→ What is needed:
Give the data again in full, without pictures.

→ Source records:

○ ○ ○ ○ ○ ○ ○

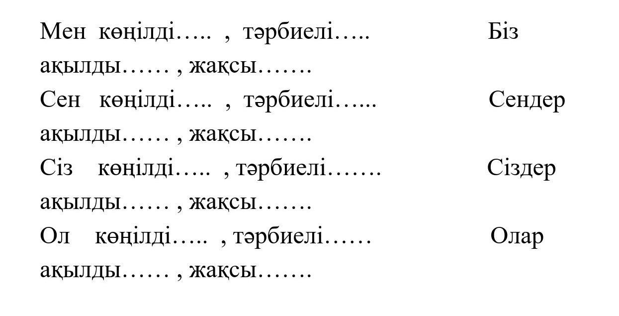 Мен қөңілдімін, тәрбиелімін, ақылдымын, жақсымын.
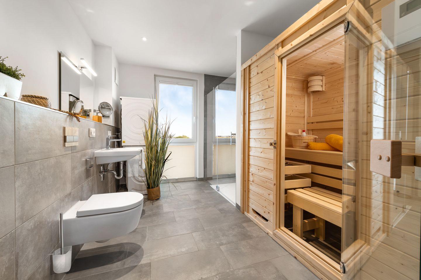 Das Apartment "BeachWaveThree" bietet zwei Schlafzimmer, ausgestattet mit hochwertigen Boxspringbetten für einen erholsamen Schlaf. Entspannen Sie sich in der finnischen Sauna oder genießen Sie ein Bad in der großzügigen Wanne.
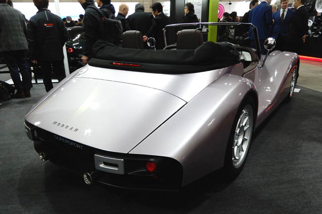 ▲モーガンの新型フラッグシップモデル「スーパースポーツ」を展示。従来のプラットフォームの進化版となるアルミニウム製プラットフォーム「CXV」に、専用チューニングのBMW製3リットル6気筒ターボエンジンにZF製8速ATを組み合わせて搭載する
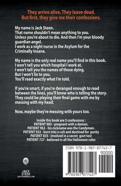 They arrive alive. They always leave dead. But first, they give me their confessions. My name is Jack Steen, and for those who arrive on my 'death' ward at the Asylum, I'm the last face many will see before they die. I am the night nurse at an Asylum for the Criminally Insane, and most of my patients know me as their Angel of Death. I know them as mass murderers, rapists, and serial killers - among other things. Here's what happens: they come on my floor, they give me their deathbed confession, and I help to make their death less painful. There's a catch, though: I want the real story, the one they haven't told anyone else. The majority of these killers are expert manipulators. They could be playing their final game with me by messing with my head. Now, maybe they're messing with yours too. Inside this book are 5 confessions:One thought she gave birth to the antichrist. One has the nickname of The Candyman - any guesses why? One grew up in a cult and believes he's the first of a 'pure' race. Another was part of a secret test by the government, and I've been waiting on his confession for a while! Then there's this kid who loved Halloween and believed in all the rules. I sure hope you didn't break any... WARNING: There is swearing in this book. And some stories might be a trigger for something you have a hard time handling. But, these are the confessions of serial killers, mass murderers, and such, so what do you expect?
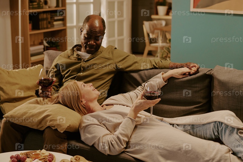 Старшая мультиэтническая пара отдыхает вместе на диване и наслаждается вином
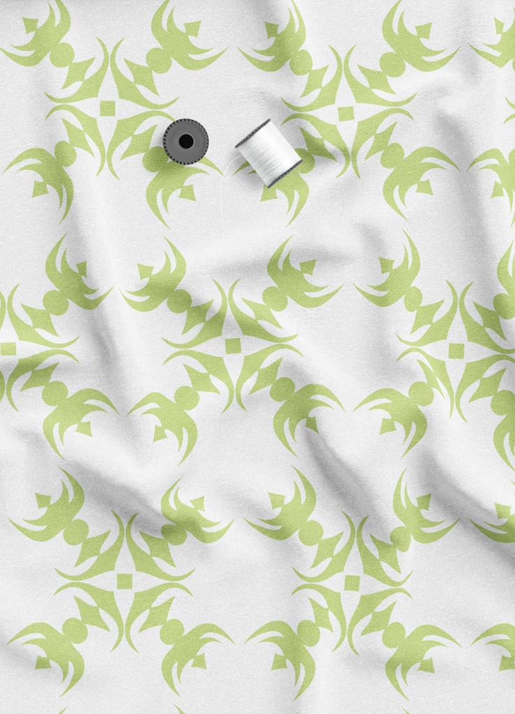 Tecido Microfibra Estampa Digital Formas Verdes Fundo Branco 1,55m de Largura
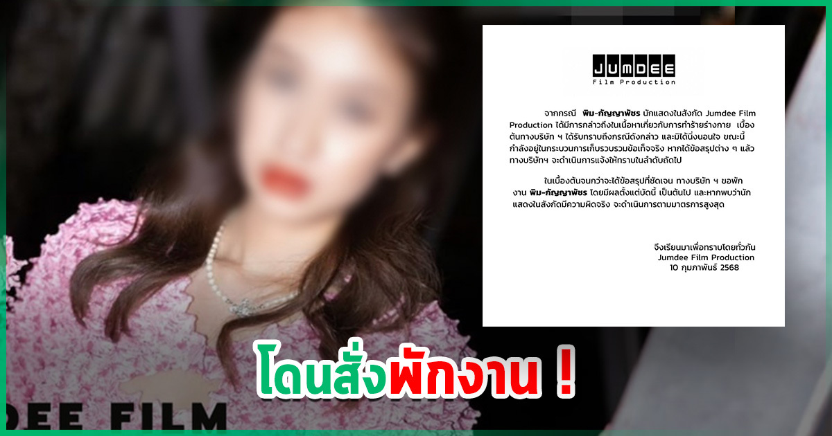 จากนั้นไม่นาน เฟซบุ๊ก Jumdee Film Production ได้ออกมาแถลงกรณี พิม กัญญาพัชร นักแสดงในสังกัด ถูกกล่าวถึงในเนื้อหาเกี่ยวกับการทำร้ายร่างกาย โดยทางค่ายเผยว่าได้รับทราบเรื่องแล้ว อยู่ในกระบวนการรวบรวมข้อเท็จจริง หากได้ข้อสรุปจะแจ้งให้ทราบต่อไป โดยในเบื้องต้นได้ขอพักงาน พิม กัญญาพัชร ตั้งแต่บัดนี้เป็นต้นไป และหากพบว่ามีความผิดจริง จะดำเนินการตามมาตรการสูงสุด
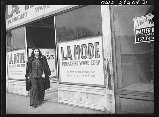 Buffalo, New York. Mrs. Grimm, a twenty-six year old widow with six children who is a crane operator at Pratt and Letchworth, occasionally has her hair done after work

○ ○ ○ ○ ○ ○ ○

→ Output below:
 Мен қөңілдімін, тәрбиелімін, ақылдымын, жақсымын.
 Das Apartment "BeachWaveThree" bietet zwei Schlafzimmer, ausgestattet mit hochwertigen Boxspringbetten für einen erholsamen Schlaf. Entspannen Sie sich in der finnischen Sauna oder genießen Sie ein Bad in der großzügigen Wanne.
 ▲モーガンの新型フラッグシップモデル「スーパースポーツ」を展示。従来のプラットフォームの進化版となるアルミニウム製プラットフォーム「CXV」に、専用チューニングのBMW製3リットル6気筒ターボエンジンにZF製8速ATを組み合わせて搭載する
 They arrive alive. They always leave dead. But first, they give me their confessions. My name is Jack Steen, and for those who arrive on my 'death' ward at the Asylum, I'm the last face many will see before they die. I am the night nurse at an Asylum for the Criminally Insane, and most of my patients know me as their Angel of Death. I know them as mass murderers, rapists, and serial killers - among other things. Here's what happens: they come on my floor, they give me their deathbed confession, and I help to make their death less painful. There's a catch, though: I want the real story, the one they haven't told anyone else. The majority of these killers are expert manipulators. They could be playing their final game with me by messing with my head. Now, maybe they're messing with yours too. Inside this book are 5 confessions:One thought she gave birth to the antichrist. One has the nickname of The Candyman - any guesses why? One grew up in a cult and believes he's the first of a 'pure' race. Another was part of a secret test by the government, and I've been waiting on his confession for a while! Then there's this kid who loved Halloween and believed in all the rules. I sure hope you didn't break any... WARNING: There is swearing in this book. And some stories might be a trigger for something you have a hard time handling. But, these are the confessions of serial killers, mass murderers, and such, so what do you expect?
 Старшая мультиэтническая пара отдыхает вместе на диване и наслаждается вином
 Tecido Microfibra Estampa Digital Formas Verdes Fundo Branco 1,55m de Largura
 จากนั้นไม่นาน เฟซบุ๊ก Jumdee Film Production ได้ออกมาแถลงกรณี พิม กัญญาพัชร นักแสดงในสังกัด ถูกกล่าวถึงในเนื้อหาเกี่ยวกับการทำร้ายร่างกาย โดยทางค่ายเผยว่าได้รับทราบเรื่องแล้ว อยู่ในกระบวนการรวบรวมข้อเท็จจริง หากได้ข้อสรุปจะแจ้งให้ทราบต่อไป โดยในเบื้องต้นได้ขอพักงาน พิม กัญญาพัชร ตั้งแต่บัดนี้เป็นต้นไป และหากพบว่ามีความผิดจริง จะดำเนินการตามมาตรการสูงสุด
 Buffalo, New York. Mrs. Grimm, a twenty-six year old widow with six children who is a crane operator at Pratt and Letchworth, occasionally has her hair done after work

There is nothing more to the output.